*Directions*
Omit the images. Reproduce each line of the records exactly as it appears.

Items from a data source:
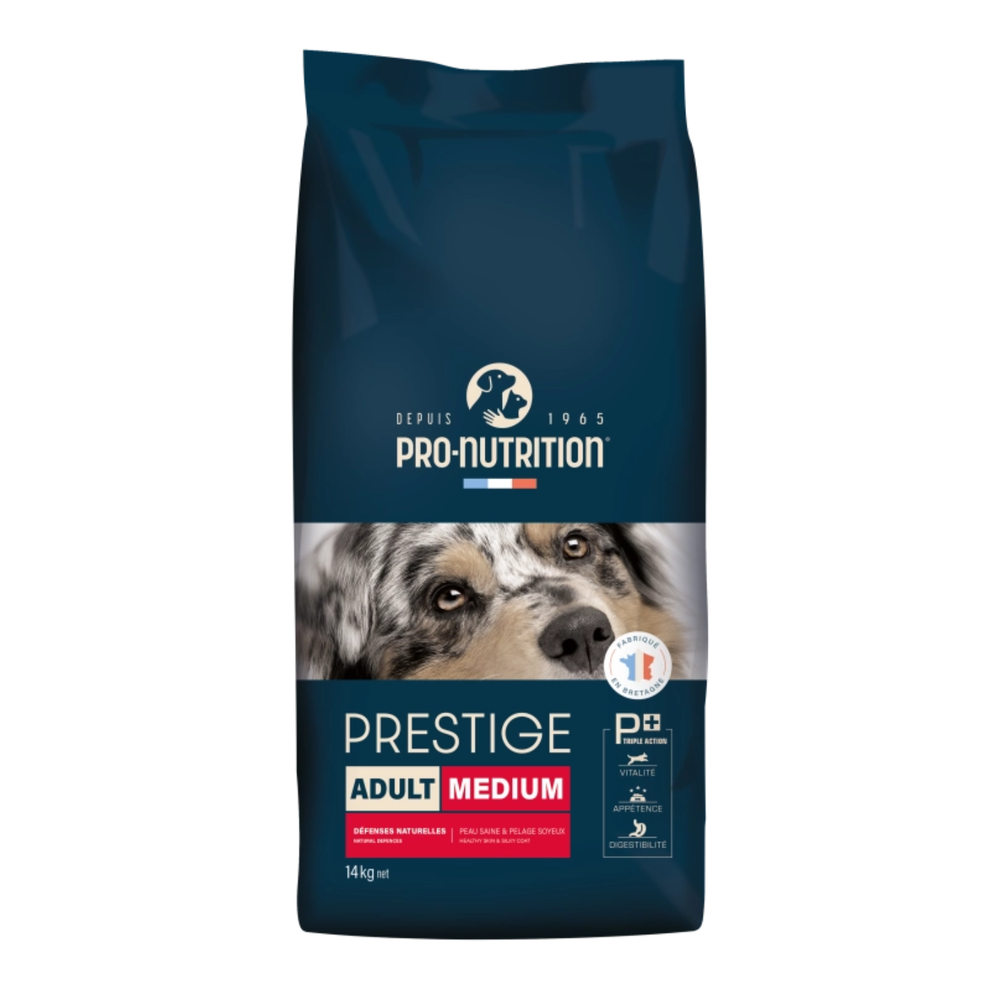 Formulées pour les chiens adultes en pleine forme, les croquettes Prestige ADULT offrent une alimentation complète, savoureuse et équilibrée.
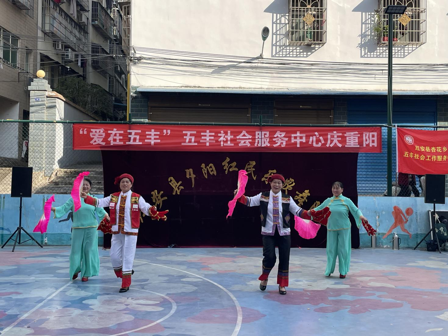 红安网消息 金秋重阳,红安县杏花乡五丰岗社区篮球场化作欢乐海洋。10月28日下午,五丰社会服务中心联合红安县夕阳红民歌舞队举办“爱在五丰”庆重阳主题文艺会演,200余名老年人欢聚一堂,用歌舞、笑声共庆佳节;五丰社会服务中心社工分组入户开展慰问,为高龄、独居老人送去“文化+物资”双重关怀,以“动静结合”的创新模式谱写新时代敬老篇章。
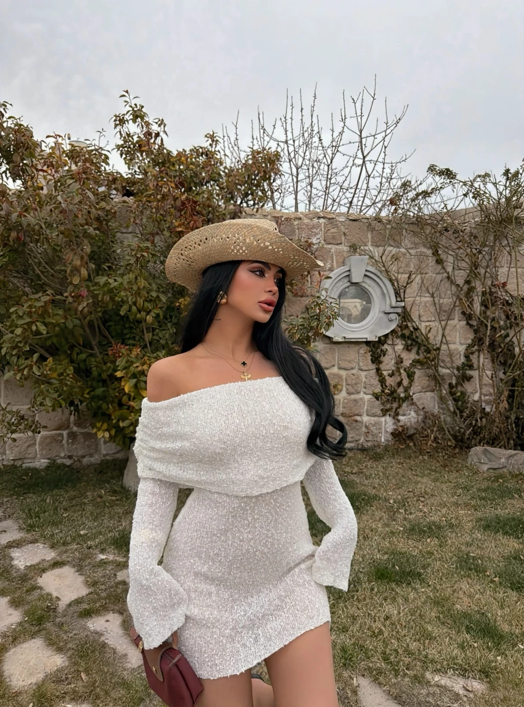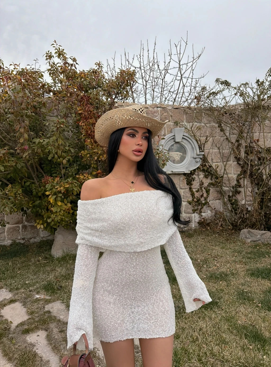 Beyaz Katlamalı Triko Madonna Elbise
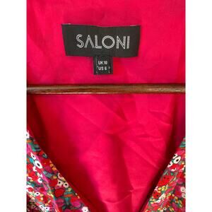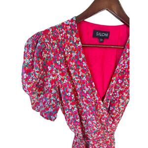 SALONI Lea Wrap Dress Red Pink Poppyfield Silk Size 6 EUC Maximalist Floral Mini
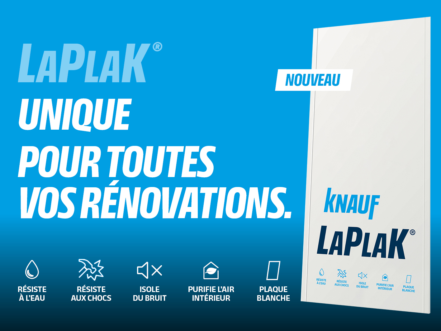 Pour simplifier vos chantiers de rénovation, Knauf a développé LaPlaK®, une plaque de plâtre unique qui traite l’ensemble du chantier et regroupe les bénéfices de plusieurs plaques spécialisées : hydrofuge, isole du bruit, résiste aux chocs, purifie l’air intérieur… LaPlaK de Knauf est la réponse universelle à tous les cas de rénovation.
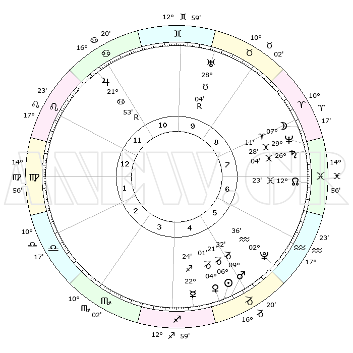 | | ΘΕΣΕΙΣ ΠΛΑΝΗΤΩΝ ΑΣΤΡΟΛΟΓΙΚΟΥ ΧΑΡΤΗ ΤΗΣ ΣΤΙΓΜΗΣ ΑΥΤΗΣ | | | | Πλανήτης | Ζώδιο | Μοίρες | Δεκαήμ. | Σε οίκο | Απόκλιση | | Ακμές των οίκων | | Ηλιος | Αιγόκερως | 06°17' | Πρώτο | 5 | 23 S 17 | | 1ος | 24°16' | Λέων | | Σελήνη | Κριός | 06°13' | Πρώτο | 8 | 04 N 26 | | 2ος | 17°31' | Παρθένος | | Ερμής | Τοξότης | 22°18' | Τρίτο | 4 | 23 S 18 | | 3ος | 15°37' | Ζυγός | | Αφροδίτη | Αιγόκερως | 03°56' | Πρώτο | 5 | 23 S 43 | | 4ος | 18°26' | Σκορπιός | | Αρης | Αιγόκερως | 09°29' | Πρώτο | 5 | 23 S 57 | | 5ος | 23°02' | Τοξότης | | Δίας | Καρκίνος | 21°54'R | Τρίτο | 11 | 21 N 53 | | 6ος | 25°29' | Αιγόκερως | | Κρόνος | Ιχθείς | 26°03' | Τρίτο | 8 | 03 S 39 | | 7ος | 24°16' | Υδροχόος | | Ουρανός | Ταύρος | 28°04'R | Τρίτο | 10 | 19 N 32 | | 8ος | 17°31' | Ιχθείς | | Ποσειδώνας | Ιχθείς | 29°28' | Τρίτο | 8 | 01 S 26 | | 9ος | 15°37' | Κριός | | Πλούτωνας | Υδροχόος | 02°36' | Πρώτο | 6 | 23 S 15 | | 10ος | 18°26' | Ταύρος | | Β. Δεσμός | Ιχθείς | 12°24' | Δεύτερο | 7 | 06 S 55 | | 11ος | 23°02' | Δίδυμοι | | Ωροσκόπος | Λέων | 24°16' | Τρίτο | | | 12ος | 25°29' | Καρκίνος | | Μεσουράνημα | Ταύρος | 18°26' | Δεύτερο | | | |
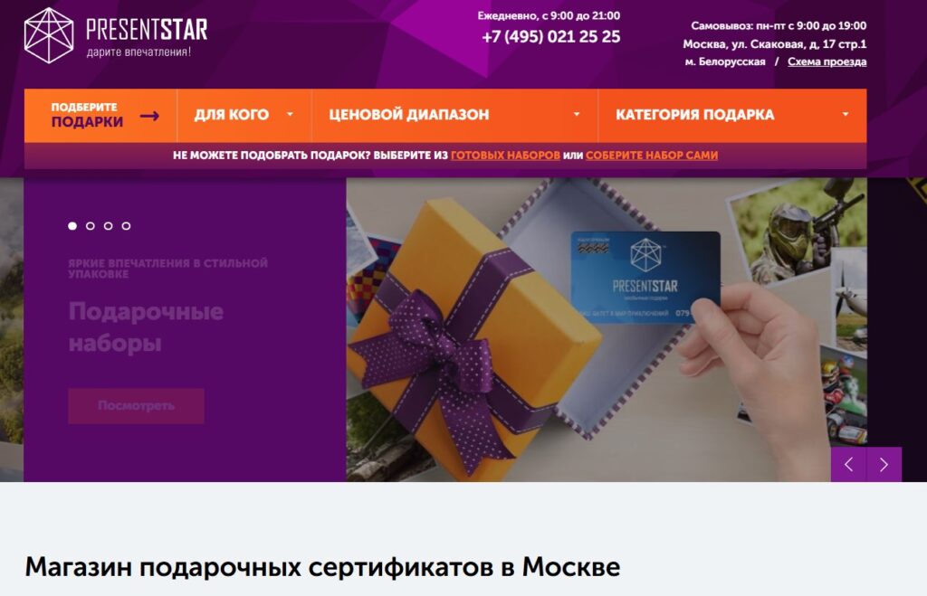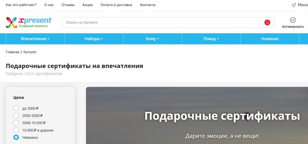 Работает уже 20 лет, помогая дарить незабываемые впечатления. Здесь собрана огромная коллекция на самые разные виды досуга. Минимальная сумма – 2000 рублей. Презент действует целый год. Получить его можно в электронном виде или в элегантной подарочной коробке.

*Exercise answer*
 Formulées pour les chiens adultes en pleine forme, les croquettes Prestige ADULT offrent une alimentation complète, savoureuse et équilibrée.
 红安网消息 金秋重阳,红安县杏花乡五丰岗社区篮球场化作欢乐海洋。10月28日下午,五丰社会服务中心联合红安县夕阳红民歌舞队举办“爱在五丰”庆重阳主题文艺会演,200余名老年人欢聚一堂,用歌舞、笑声共庆佳节;五丰社会服务中心社工分组入户开展慰问,为高龄、独居老人送去“文化+物资”双重关怀,以“动静结合”的创新模式谱写新时代敬老篇章。
 Beyaz Katlamalı Triko Madonna Elbise
 SALONI Lea Wrap Dress Red Pink Poppyfield Silk Size 6 EUC Maximalist Floral Mini
 Pour simplifier vos chantiers de rénovation, Knauf a développé LaPlaK®, une plaque de plâtre unique qui traite l’ensemble du chantier et regroupe les bénéfices de plusieurs plaques spécialisées : hydrofuge, isole du bruit, résiste aux chocs, purifie l’air intérieur… LaPlaK de Knauf est la réponse universelle à tous les cas de rénovation.
 | | ΘΕΣΕΙΣ ΠΛΑΝΗΤΩΝ ΑΣΤΡΟΛΟΓΙΚΟΥ ΧΑΡΤΗ ΤΗΣ ΣΤΙΓΜΗΣ ΑΥΤΗΣ | | | | Πλανήτης | Ζώδιο | Μοίρες | Δεκαήμ. | Σε οίκο | Απόκλιση | | Ακμές των οίκων | | Ηλιος | Αιγόκερως | 06°17' | Πρώτο | 5 | 23 S 17 | | 1ος | 24°16' | Λέων | | Σελήνη | Κριός | 06°13' | Πρώτο | 8 | 04 N 26 | | 2ος | 17°31' | Παρθένος | | Ερμής | Τοξότης | 22°18' | Τρίτο | 4 | 23 S 18 | | 3ος | 15°37' | Ζυγός | | Αφροδίτη | Αιγόκερως | 03°56' | Πρώτο | 5 | 23 S 43 | | 4ος | 18°26' | Σκορπιός | | Αρης | Αιγόκερως | 09°29' | Πρώτο | 5 | 23 S 57 | | 5ος | 23°02' | Τοξότης | | Δίας | Καρκίνος | 21°54'R | Τρίτο | 11 | 21 N 53 | | 6ος | 25°29' | Αιγόκερως | | Κρόνος | Ιχθείς | 26°03' | Τρίτο | 8 | 03 S 39 | | 7ος | 24°16' | Υδροχόος | | Ουρανός | Ταύρος | 28°04'R | Τρίτο | 10 | 19 N 32 | | 8ος | 17°31' | Ιχθείς | | Ποσειδώνας | Ιχθείς | 29°28' | Τρίτο | 8 | 01 S 26 | | 9ος | 15°37' | Κριός | | Πλούτωνας | Υδροχόος | 02°36' | Πρώτο | 6 | 23 S 15 | | 10ος | 18°26' | Ταύρος | | Β. Δεσμός | Ιχθείς | 12°24' | Δεύτερο | 7 | 06 S 55 | | 11ος | 23°02' | Δίδυμοι | | Ωροσκόπος | Λέων | 24°16' | Τρίτο | | | 12ος | 25°29' | Καρκίνος | | Μεσουράνημα | Ταύρος | 18°26' | Δεύτερο | | | |
 Работает уже 20 лет, помогая дарить незабываемые впечатления. Здесь собрана огромная коллекция на самые разные виды досуга. Минимальная сумма – 2000 рублей. Презент действует целый год. Получить его можно в электронном виде или в элегантной подарочной коробке.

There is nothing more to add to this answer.